In a speech last week, the leader of the Scottish Labour Party provided a ray of sunshine. I am not taking bets, by the way, on the number of times this particular sentence has been written.
But Anas Sarwar was making a serious point which is of critical importance not just for Scotland, but for the UK as a whole.
The specific context was an attack on the tax increases of the SNP, both actual and proposed. But the Scottish Labour leader went much further. Taxation, he said, “has been used as a substitute for economic growth, and it’s actually choking off opportunities”.
Just over a year ago, the Office for Budget Responsibility published a document entitled “Fiscal risks and sustainability”. They highlighted three major areas where demographic changes will put increasing pressure on the public finances. An ageing population means, they wrote, increasing demand for health, pensions and social care.
Fortunately, the real problems these create won’t kick in to the full until the 2030s.
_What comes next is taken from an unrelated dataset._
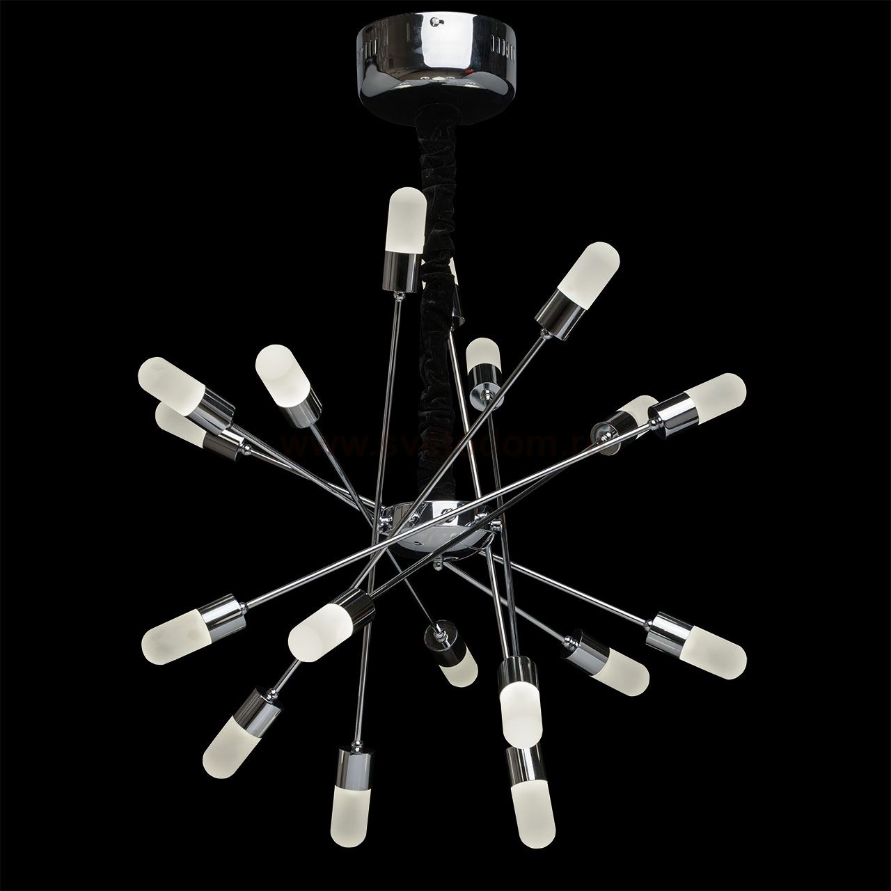 Арматура выполнена из сплава металла и гальванизирована в цвет хрома. Плафоны цилиндрической формы из белого матового акрила. В светильнике предусмотрена возможность изменения угла наклона рожков и геометрии светильника в целом. Светодиоды обеспечивают яркий белый свет 4200-4500К. Комментарий

But every year that goes by, the pressures produced by an ageing population grow.
The immediate demands from the electorate are almost insatiable. Repair the schools, ease the burden on students, give the NHS more money, better pay for public sector workers, are only some on the list.
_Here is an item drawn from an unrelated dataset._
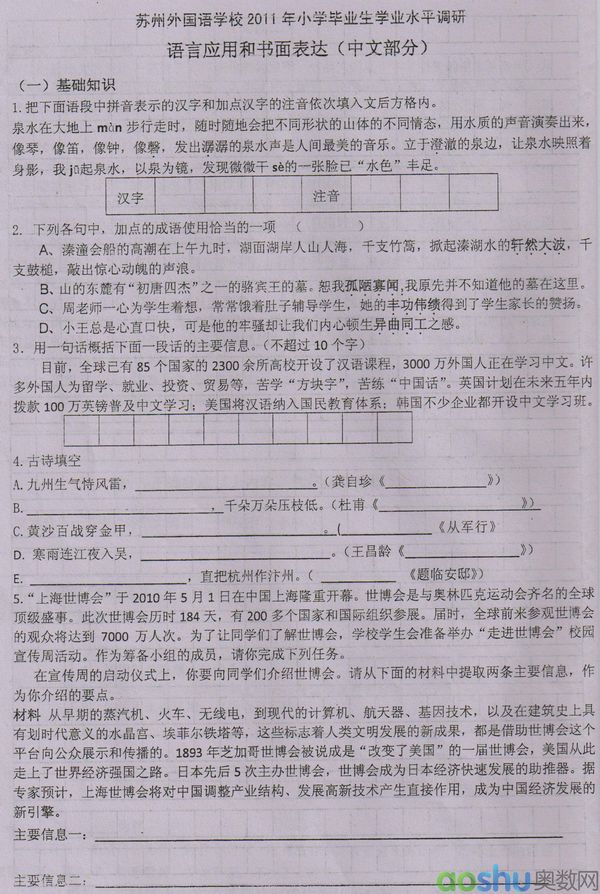 摘要:苏州外国语学校小升初入学考试是进入苏外的第一道门槛,苏州奥数网整理2011年苏州外国语学校小学生学业水平调研试题——语文。

But there is not enough money to do everything the electorate wants. In the past fifteen years – from 2007 – the UK economy grew by just 1 per cent a year. In the fifteen years before 2007, it grew at 2.7 per cent a year.
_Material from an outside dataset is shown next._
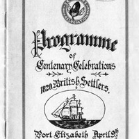 Programme of the centenary celebrations in commemoration of the arrival of the 1820 British settlers of Albany, to be held at Port Elizabeth on April 9th and at Grahamstown on April 11th 1921

As a broad rule of thumb, each additional 1 per cent on the level of GDP yields an additional £10bn in tax receipts. If the economy had grown at its 1992-2007 average in the past decade and a half, the government would have had some £300bn a year more to either spend or to cut taxes.
This simple figure highlights the fundamental importance of growth. As Anas Sarwar says, taxation is not a substitute for growth. Imagine if taxes were £300bn higher than they are now. Why would anybody bother to make an effort? The economy would grind to a halt.
There is strong evidence that high levels of taxation have an adverse effect on the real driver of economic growth, innovation. Increasing the marginal corporate tax rate has an even bigger impact. An analysis of all the patents filed with both the US and European Patent Offices over a twenty-five year period shows there is a strong negative correlation between marginal tax rates and the fraction of inventors who remain in their native country. The brain drain is real.
Higher public spending, or lower taxes, can of course be paid for by issuing government debt. But the natural experiment carried out by the Truss government a year ago is thought by most to show the severe limits to this particular strategy. Or does it?
The difficulty for any government will of course be to persuade the markets that any extra borrowing, either for spending or tax cuts, will in fact be a stimulus and that growth won’t be used to appease particular interest groups.
At least Labour understands that growth is essential. Taxation is not a substitute.